There are myriad benefits of digital invoicing. Two-thirds of Aotearoan businesses agree a new way of invoicing will reduce the risk of cyber hacking, cut admin time, speed up payments and improve cash flow, according to research commissioned by the Ministry of Business Innovation and Employment (MBIE).

The government-commissioned research is timely. It comes at a time when eInvoicing is starting to roll out across New Zealand. At its core, eInvoicing automates and simplifies the exchange and processing of invoices. The direct exchange of invoice information between buyers’ and suppliers’ financial systems should cut processing time by half – even if these systems are different.

Mark Wierzbicki, the General Manager eInvoicing at MBIE, details that eInvoicing enables a low touch, an error-free process that the current practice of emailing a PDF or scanning a paper invoice simply can’t achieve.

“eInvoicing is the digital exchange of invoice information directly between buyers’ and suppliers’ financial systems, with no need for a PDF to be generated and no manual handling or data entry required when you receive an eInvoice.”

– Mark Wierzbicki, General Manager eInvoicing, Ministry of Business Innovation and Employment

New Zealand’s eInvoicing uses using an international standard, called Peppol.

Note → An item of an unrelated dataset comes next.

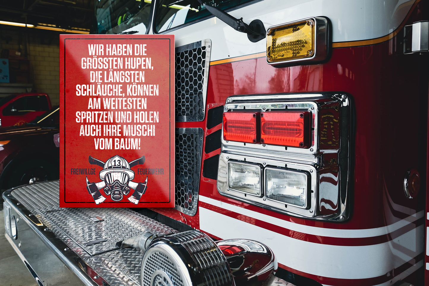 Das Blechschild ''Wir haben die größten Hupen, längsten Schläuche.. Feuerwehr'' ist aus einem qualitativ hochwertigen Blech mit abgerundeten und umgeschlagenen Kanten. Ideal für Liebhaber und Fans von ''Helden gegen das Feuer'' und definitiv ein Hingucker für jedermanns Auge.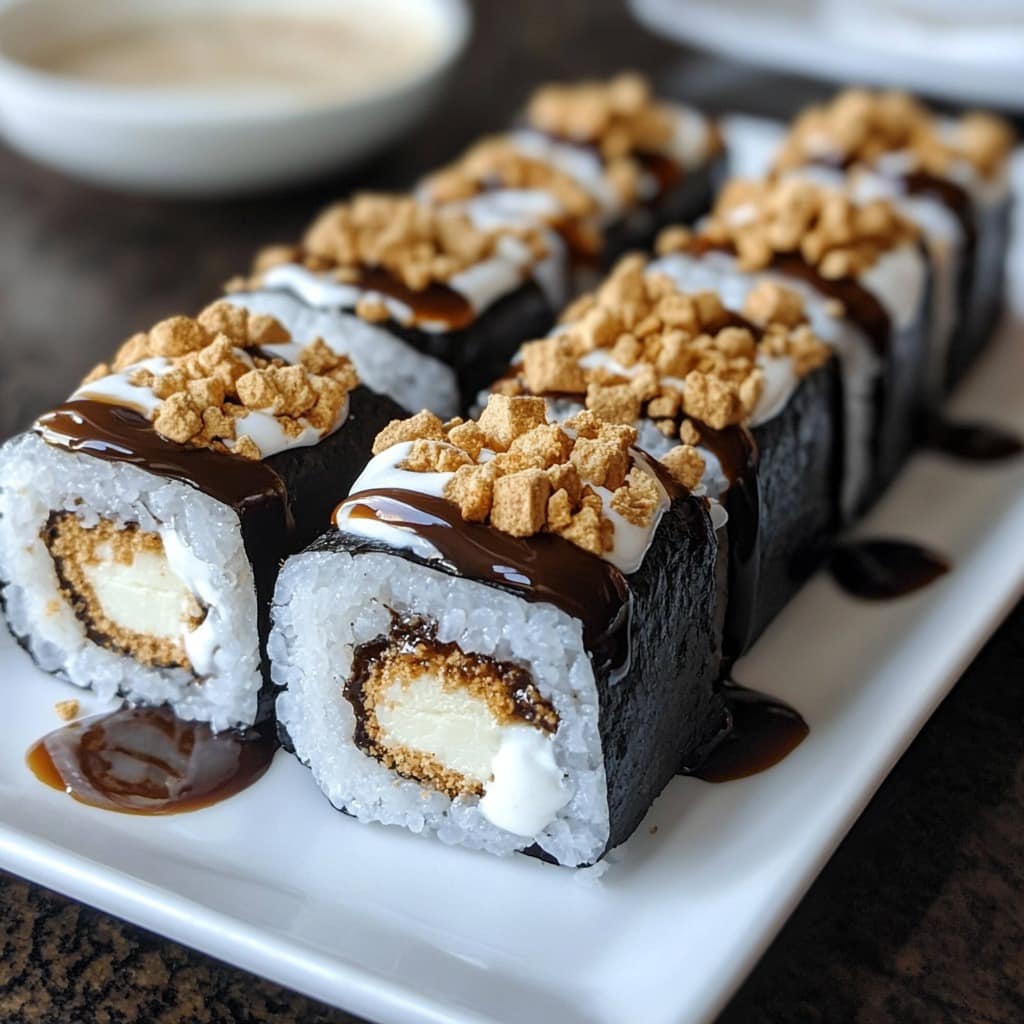 S’mores Sushi ist eine unterhaltsame und einfallsreiche Art, die beliebten Aromen von Marshmallows, Graham-Crackern und Schokolade am Lagerfeuer in einem von Sushi inspirierten Brötchen zu genießen. Dieses einfache Dessert ohne Backen kombiniert knuspriges Müsli, klebrige Marshmallows und einen reichhaltigen Schokoladennieselregen zu einem auffälligen Leckerbissen, der sich perfekt für Partys und Zusammenkünfte eignet.

By using a standard eInvoicing network, different systems should be able to talk to each other smoothly, Plus, it should guarantee secure transactions to different systems, and markets

If things go as planned, the gains from digital invoicing should be substantial. By using eInvoicing, MBIE Chief Financial Officer Stewart McRobie discloses savings could be worth billions as there are over 280 million business-to-business invoices exchanged in the country annually. Overall, that should be a big boost to businesses and the New Zealand economy.

McRobie describes digital invoicing as a smarter way to invoice that will have a multiplying effect on the economy. He explains the more businesses are eInvoice-enabled, the more they, and the economy will benefit. Moreover, the government official is confident there could be no better time to implement the digital than now. He describes the measure as a boost in these difficult COVID-19 times.

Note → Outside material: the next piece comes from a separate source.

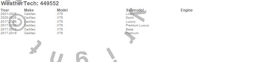 Below is an abbreviated list of applications for the FloorLiner DigitalFit.XT5, Cadillac, 2025, 2024, 2023, 2022, 2021, 2020, 2019, 2018, 2017

It is anticipated that by 2026, 90% of central agencies will be using electronic invoices. As per the timetable, he confirmed that half of the central government agencies will be ready by the end of March 2022, with the remaining to follow soon after. For his part, Mr Wierzbicki says that already there are more than 4,000 businesses that can receive eInvoices with more coming.

eInvoices are gaining a lot of traction these days. Australia, New Zealand’s biggest trade partner, has also mandated its own eInvoice system for all its government agencies with the target deadline set this 1 July 2022.

Digital transformation has been central to the Aotearoan government’s formula for economic success. Consistently, the administration has shown it is willing to explore emerging digital technologies to get the whole economy moving. Most recently, is the nation’s digital currency initiative. As reported on OpenGov Asia, New Zealand’s central bank has started work on creating a digital currency.